In particular, the cloud will continue to redefine the IT landscape. Offering significant benefits to businesses including reduced technology infrastructure costs, speed, scalability and enhanced security and backup capacity, it’s opening the door for new opportunities—and new risks to manage.

“Companies no longer have to require significant amounts of hardware and software—they can just outsource it, with cloud acting as a utility,” says Matt Prevost, vice president with professional risk for ACE USA. “That changes the dynamic of how much computing power they need, and it’s scalable so they can be extremely agile and extremely mobile.”

But according to a recent whitepaper from ACE Group, “Cloud Computing: Is Your Organization Weighing Both Benefits and Risks?”, today’s risk managers must fully understand the different delivery models of private and public cloud services and how the different deployment methods and uses can impact an organization’s risk.
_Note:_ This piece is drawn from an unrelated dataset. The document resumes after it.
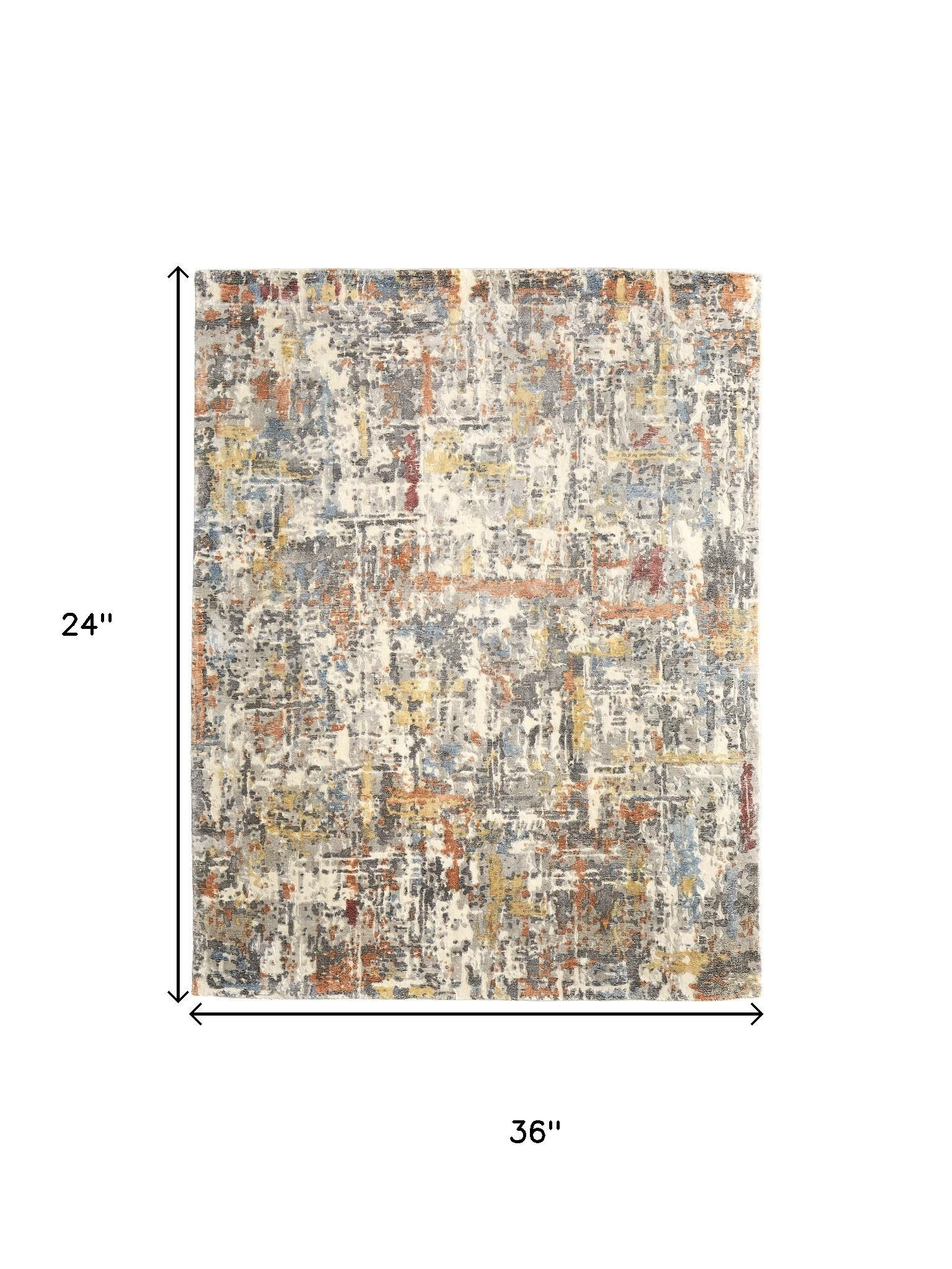 Set an inviting tone in your space with this 2-foot x 3-foot blue and ivory abstract hand woven area rug. Ideal for spaces with kids and pets, this rug is stain resistant to help repel dirt and spilled liquids. Crafted by skilled artisans, this hand woven rug is genuine and unique. No two will be exactly alike. Crafted from wool blend fibers that give this piece premium texture, refinement, and appeal. This smaller sized, industrial styled rug is just what you need for your walkway, bedside, in front of door, cabinet, refrigerator, or chair. 24.00-inch h x 36.00-inch w x 0.39-inch d.

As companies increasingly outsource cloud services to third-party vendors, they face increased cyber exposures when operating business through the cloud, including unfavorable terms in cloud contracts, loss of control of data and compromised data security.

“A lot of what we see from a claims perspective arises out of third-party mistakes, so vendors that may not have secure passwords or the contract that a company is engaging with isn’t as strong and they don’t have the strongest sense of controls,” Prevost explains—and that makes due diligence when hiring cloud providers essential.

“Let’s say when these breach events happen it’s data that is stored on the cloud,” Prevost says. “What provisions of the contract enable you to access or not access the cloud’s security measures or the forensics associated with the cloud provider? Understanding that your contract may or may not prevent that is important.”

An adequate risk management plan must incorporate a culture of privacy, first migrating low-risk data, identifying shared security responsibilities with the provider and assessing potential security risks.

“Every employee has some sense of data security. I think we oftentimes forget that we see, we interact and we use data constantly, and it’s not necessarily one position that’s responsible for it,” Prevost points out. “So it’s not just the CIO or a CISO or a risk manager or legal or the board—it’s really making sure everyone in the organization accepts that and implements training and really ensures that each segment of the company understands just a high level of how technology interacts with that different division.”

An increasing number of packages from an increasing number of insurers provide everything from front-end protections “to make sure that the systems are at least resilient to attacks,” to back-end forensics, “meaning getting to the bottom of what happened and remedying it,” and everything in between, Hartwig says. “The insurance piece of it can cover costs from individuals who have had confidential information stolen or lawsuits waged against the company and even various types of business interruption loss.”

It’s understanding risks like these—and communicating them to commercial clients—that eases the process of convincing smaller businesses they need cyber liability coverage. “Agent education is critical,” Dougherty says. “They need to become aware of what the exposures are for cyber, what coverage options are out there, so when they meet with their customer they can talk intelligently and demonstrate they do have the exposure and why they should buy coverage.”

Jacquelyn Connelly is IA senior editor.